One other question I had was the effect of implementing TCP sequence
randomization on performance (if it was enabled on an ASA for example)?
What impact would this have on flows (presumably a large increase)? How
might I best quantify the amount of flows being processed compared to the
other server?
Sorry for all the questions, I am very much a novice at this, but very
willing to learn so I appreciate the help so far!

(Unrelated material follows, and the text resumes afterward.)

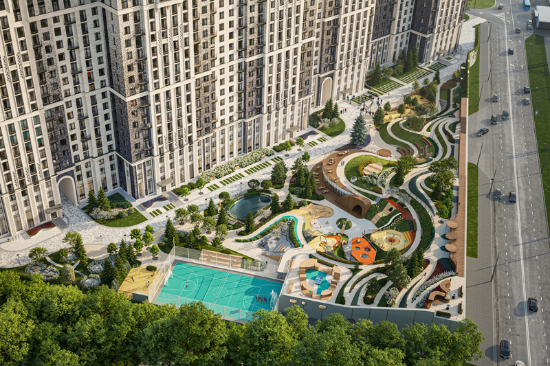 Все это компания Sminex учитывает в своих проектах. Например, двор дома «Достижение», который расположен в окружении парков северо-востока Москвы, уже сейчас можно назвать одним из самых интересных и оригинальных в плане организации пространства. Когда девелопер продумывал здесь самую комфортную среду для жизни, концепция обустройства двора площадью 1,7 гектара стала едва ли не основной.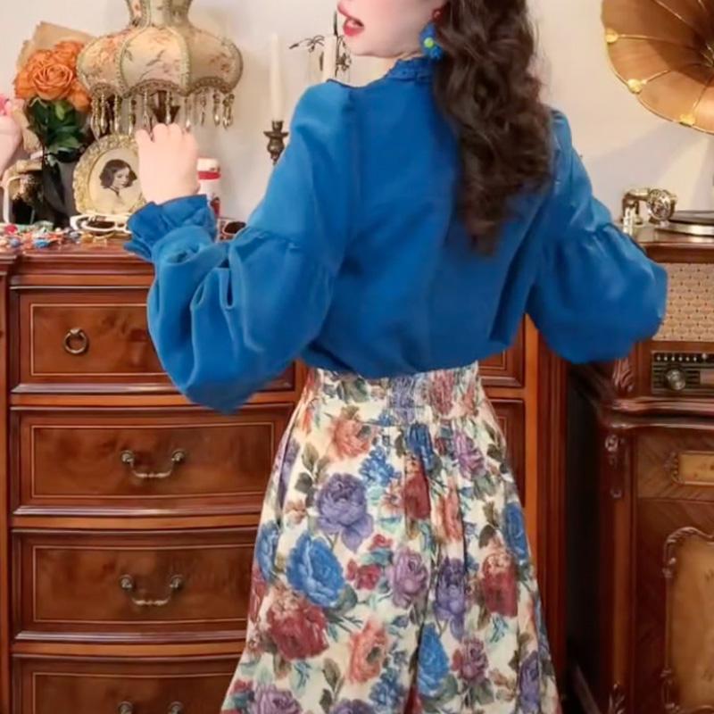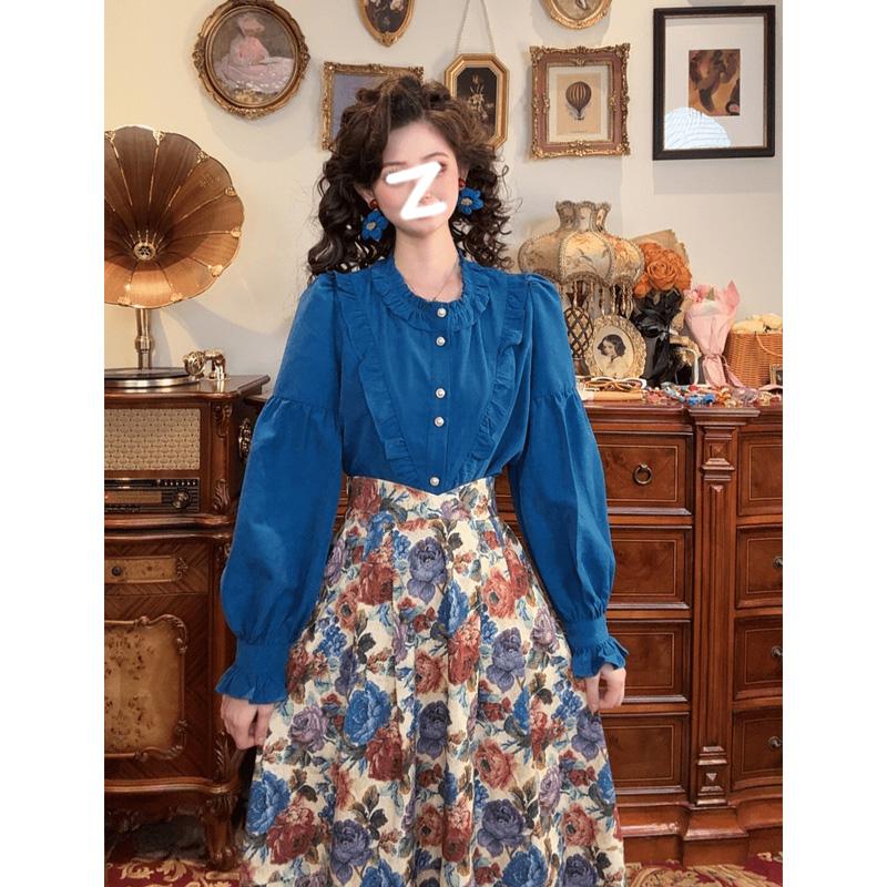 一生罗曼复古港风木耳荷叶边长袖衬衫女秋季宽松高级感气质蓝上衣

On Mon, Jun 16, 2014 at 1:54 AM, Gilbert Clark <gc355804 at ohio.edu> wrote:
> Hi Jason:
>
> I believe one way to set a BPF filter is to modify site/local.bro to
> include:
>
> redef cmd_line_bpf_filter = "ip or not ip";
>
> I think there's also a packet filter framework (
> http://www.bro.org/sphinx/scripts/base/frameworks/packet-filter/main.html)
> which supports more elaborate filtering schemes, but I don't really know
> much about it offhand :)
>
> Regarding the "other" traffic being the root cause of the issues: I think
> it's pretty difficult to say. A few ideas:
>
> * check the size of log files for significant differences. if http.log /
> reporter.log / weird.log / etc. is much longer on one system than on
> another, maybe that might be a place to start looking
> * try setting a filter to only accept a certain type of traffic (e.g.
> HTTP, SSH) to see relative load for that specific traffic type
> * try playing with which scripts bro loads (e.g. tweak local.bro and / or
> try running bro in bare mode with a very small set of loaded scripts) to
> see if that has any effect
> * bro can be told to dump performance statistics into a human-readable
> ASCII log by including the "misc/profiling.bro" script: some of the
> information included there might be useful to have
> * try capturing a trace and playing that trace back to a standalone bro
> process ... using tools like 'time' and 'perf' could help identify how
> performance changes based on the trace and scripts currently being loaded.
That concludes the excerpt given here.